Haile Selasiye, 1974'ün son demlerinde, ordusunun içinden çıkan Haile Mengistu Mariam isimli Marksist eğilimli bir darbeci subay tarafından devrildi ve sonra öldürüldüğü de açıklandı. Ancak mezarının nerede olduğu bilinmiyordu. (Onun mezarının, Mengistu'nun makam masasının altında bulunduğu anlaşılmıştı) Sonunda Mengistu da 15 sene kadar kanlı bir liderlik yaptıktan sonra devrildi ve tutuklandı, sonra kaçtı, hâlâ da Zimbabve'de yaşıyor..
*
Ethiopia, 'Eritre, Cibuti, Somali, Sudalerde n, Kenya ve Uganda ile komşudur ve Nijerya'dan sonra, Afrika'nın en büyük nüfusa sahib ülkesidir. Resmî dili; 'arabça ve ibranice' gibi 'sami' dil grubundan Amharca'..
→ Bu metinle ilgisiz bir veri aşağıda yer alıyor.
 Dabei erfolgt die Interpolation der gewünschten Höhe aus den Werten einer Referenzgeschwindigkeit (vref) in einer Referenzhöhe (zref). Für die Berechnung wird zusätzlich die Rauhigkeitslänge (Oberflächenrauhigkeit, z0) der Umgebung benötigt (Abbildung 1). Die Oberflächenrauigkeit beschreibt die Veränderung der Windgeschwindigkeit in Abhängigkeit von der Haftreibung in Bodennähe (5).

Kendine özgü bir özel alfabesi var, bu dilin ve ülkenin.. Her yerde tabelalar o özel dil ve İngilizce ile birlikte yazılıyor.
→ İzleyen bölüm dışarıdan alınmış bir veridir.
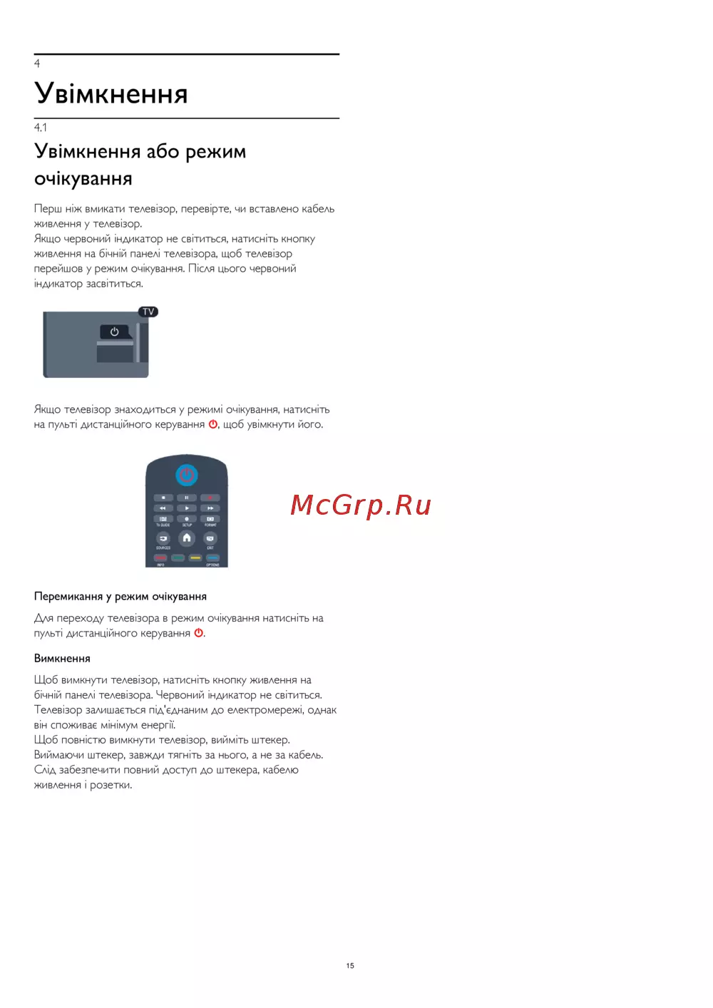 Philips 32PHT4319 [15/70] Увімкнення або режим очікування

Başkent ise, deniz seviyesinden 2350 metre yükseklikte olması hasebiyle dünyanın en yüksek başkentlerinden olan ve şimdiler 8-10 milyon kadar bir nüfusun yaşadığı Addis-Ababa'dır ve bu şehre, halk, kısaca 'Adisi' demektedir. Addis- Ababa, Amhara dilinde 'Yeni Çiçek' mânasına gelmektedir.
Etrafı ormanlık dağlarla çevrili, Bahar ve Güz diye iki mevsimi olan, baharda bol yağmur alan, ılıman iklime sahip bir başkent. Çok yoğun bir nüfus yaşıyor başkentte.. Her tarafta dilenci ordularının ortasında kalabilirsiniz.. Ama, başkent, genel olarak çok karışık- düzensiz değil..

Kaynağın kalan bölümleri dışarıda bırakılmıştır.